US: State may heed longer lives, raise workers’ pension costs

By Adam Wilson

If you’re a 52-year-old man, you’ve got 28 years left to live. At least, that’s what the state figures as it plans pension payments. It figures the life spans of female employees to be three years longer, and teachers are expected to live to 85.

Such statistics are used in the management of the $63 billion state pension-investment fund, which is expected to pay for the retirements of 121,000 public workers.

Washington’s average life expectancy grows by about two years every decade. But the state doesn’t automatically account for the increasing average life span in its pension planning.

The state is considering adding continuously increasing life expectancies to its pension calculations. The change likely would require workers and the state to pay more into their retirement plans, but it could save the state from catch-up payments later.

Washington uses a fixed mortality table and changes it occasionally.

“If you don’t project mortality improvement,” state actuary Matt Smith said, “then what happens is, every five to six years, you have to update, and there’s these jumps. You become a little bit more current, but you’re still not projecting into the future.”

He recommends that the state assume life spans will continue lengthening.

Jean Kelly, president of the Olympia chapter of the Retired Public Employees Council, said people need more education on retirement planning.

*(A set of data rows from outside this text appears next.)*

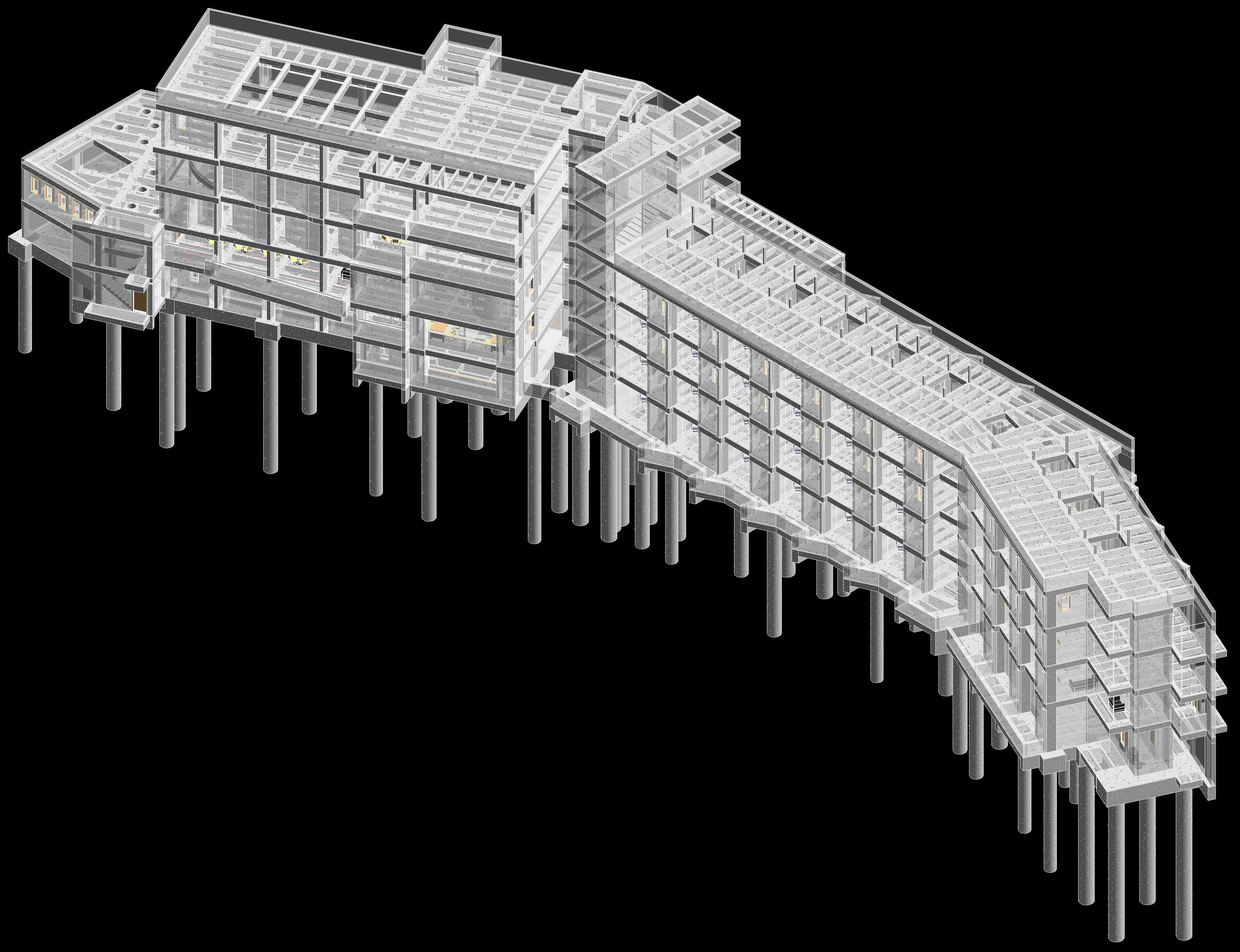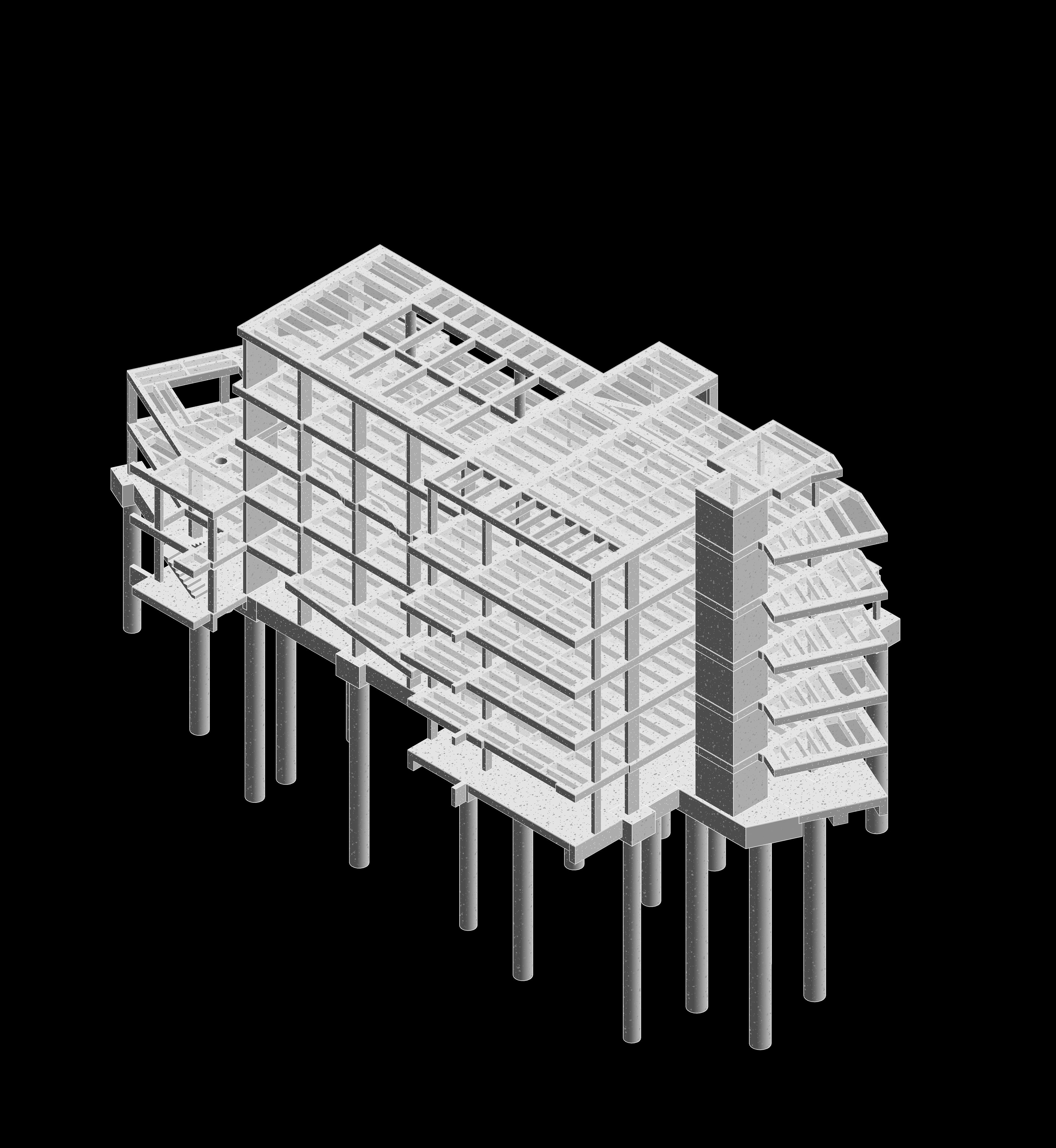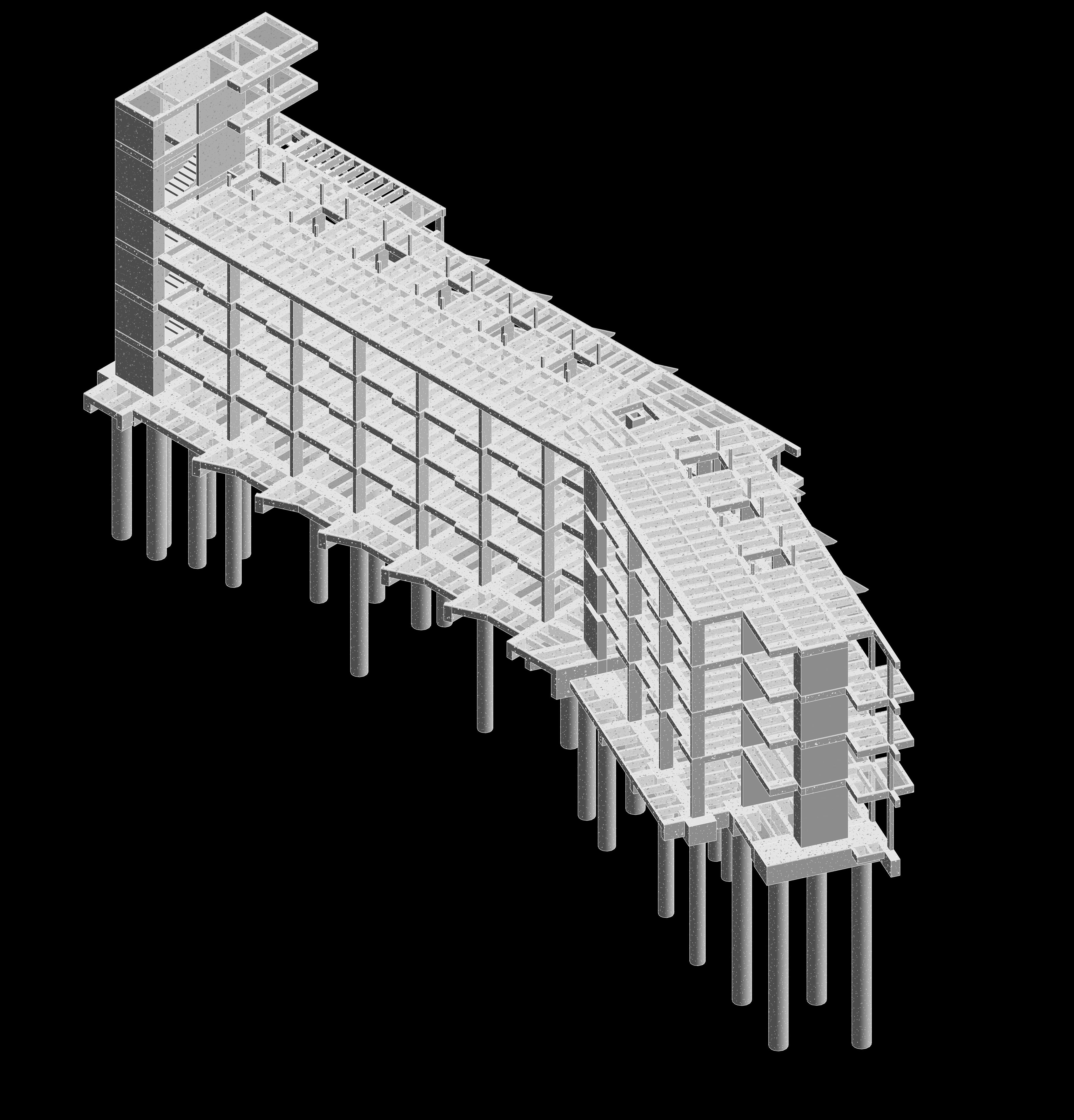 Partiendo de planos base proporcionados, se modeló la arquitectura del edificio: muros portantes y divisorios, losas de piso, cubiertas, ventanas, puertas y acabados principales. Se respetaron las elevaciones y la modulación original; cada nivel fue definido con precisión para reflejar la realidad construida. El modelado arquitectónico capturó no solo la forma (plantas y fachadas), sino también elementos como escaleras, barandillas y muros cortina presentes en la dificación. Un punto crítico fue definir correctamente los ejes y grids del edificio, ya que servirían de referencia común para las demás disciplinas.
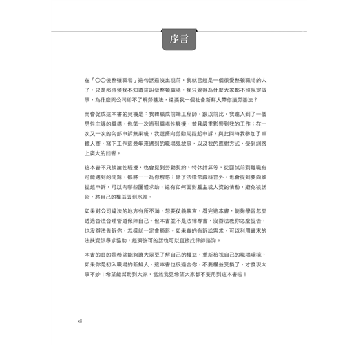 不僅適合初入職場的新鮮人閱讀,更是那些已經投入職場、卻對勞基法與相關權益認識有限的讀者,一本實用且值得細讀的工具書。
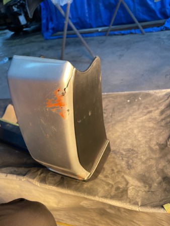 ▼ 黒の部分とシルバーの部分が割れていましたので黒の部分はラプター塗装をして修理、シルバーも塗装しました。
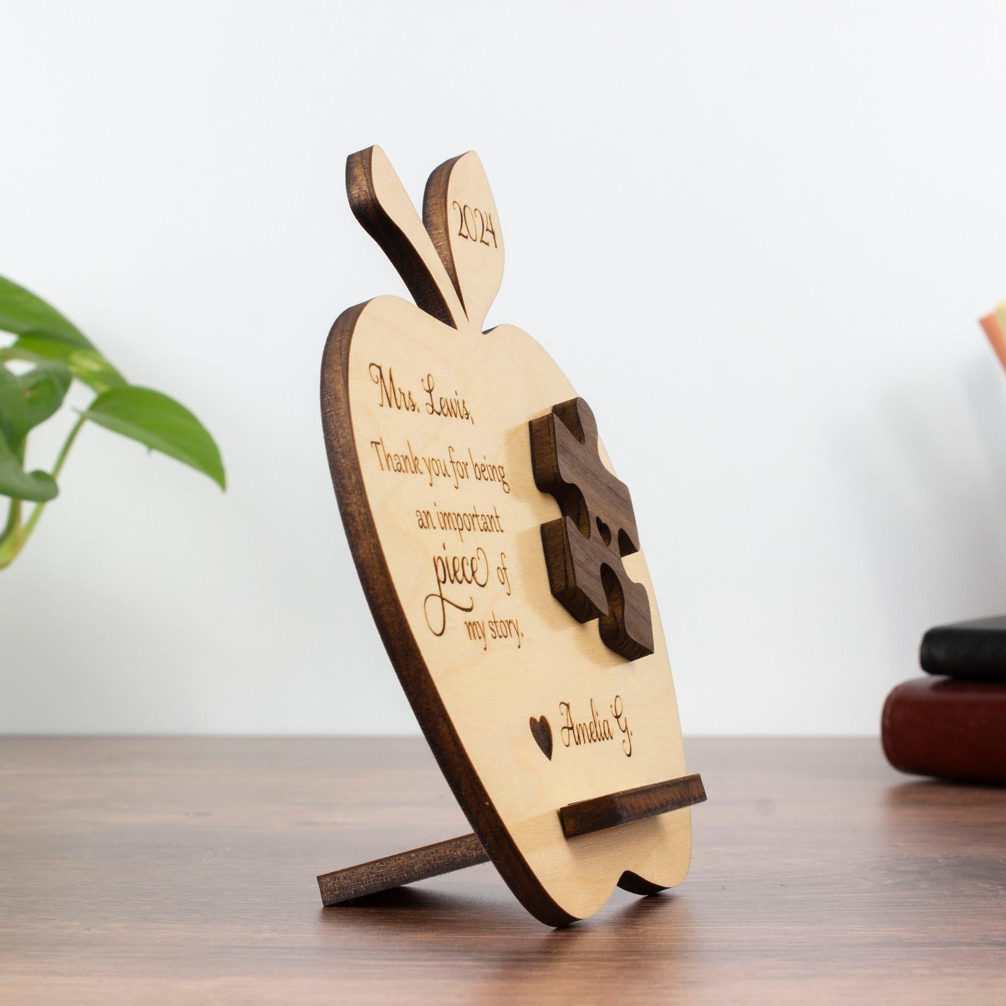 Teacher Appreciation Gifts personalized with the teacher and student's names. The mini apple sign with puzzle piece makes a cute teacher gift for end of year. The apple puzzle piece sign is symbolic and lets the teacher know how much you appreciate them. The desktop apple sign also makes for a great idea for daycare or preschool.
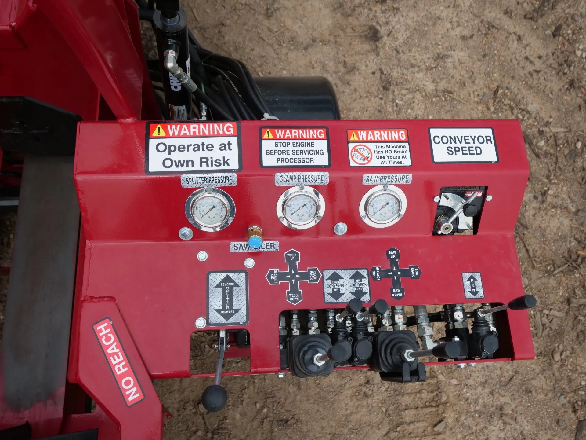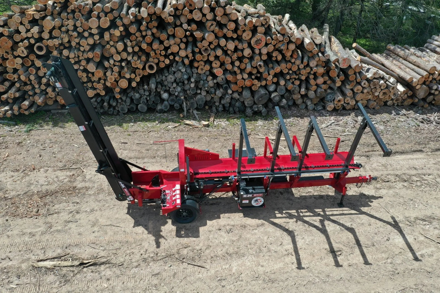 - The BruteForce USA 16-24 processor comes standard with a 3-strand live deck that converts into a log lift and is easily hydraulically raised and lowered. The hydraulic saw bar, log clamp, live deck, log in-feed, and conveyor are all located on a dash for easy use. The integrated 12ft hydraulic operated chain conveyor allows the operator to easily load firewood into a trailer or truck bed.
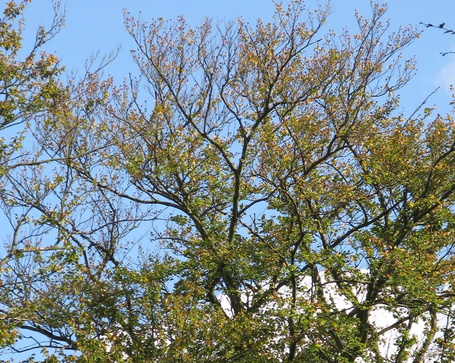 Phytophthora angriper trädens rötter så de inte kan ta upp näring. Det gör att trädkronorna blir glesare. Foto: Johanna Witzell.
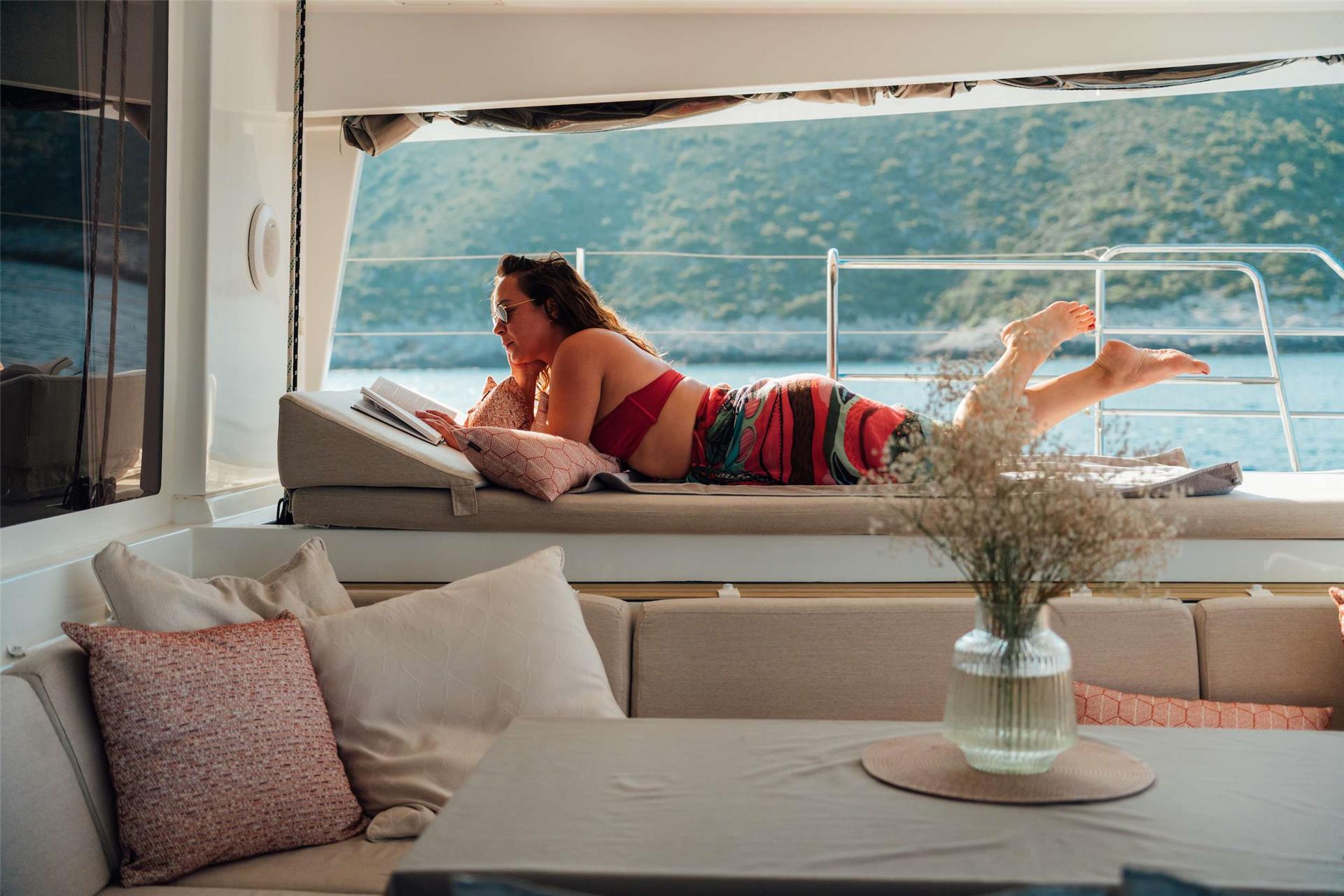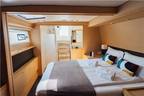 Owned by the dedicated crew, Zoki and Sanja, BAZA exudes a home-like atmosphere—warm, welcoming, and with meticulous attention to detail. On board, there are three cabins: a Master Cabin and two additional double cabins. Each cabin features a queen-size bed and a private bathroom. BAZA offers ample outdoor space, including day beds on the bow, soft day beds, and cushioned seats on the flybridge, as well as a spacious outdoor dining area. Thanks to its clever design, the Lagoon 560 BAZA provides an exceptional level of comfort and generous living spaces on board.

But even with extra help, and Medicare health insurance starting at age 65, “I don’t see the average person being able to plan out to their 100s,” she said.

The state faces similar challenges on a much larger scale. State retirement plans guarantee employees a steady check for the rest of their lives, based on how much they earn at the end of their careers.

If workers live longer than the state had planned for, taxpayers still will be on the hook to pay for their retirement.

Asking both workers and the state to put more into the pension fund now means the money can be invested to cover costs later on, said state Sen. Mark Schoesler, R-Ritzville, Adams County, who leads the Select Committee on Pension Policy.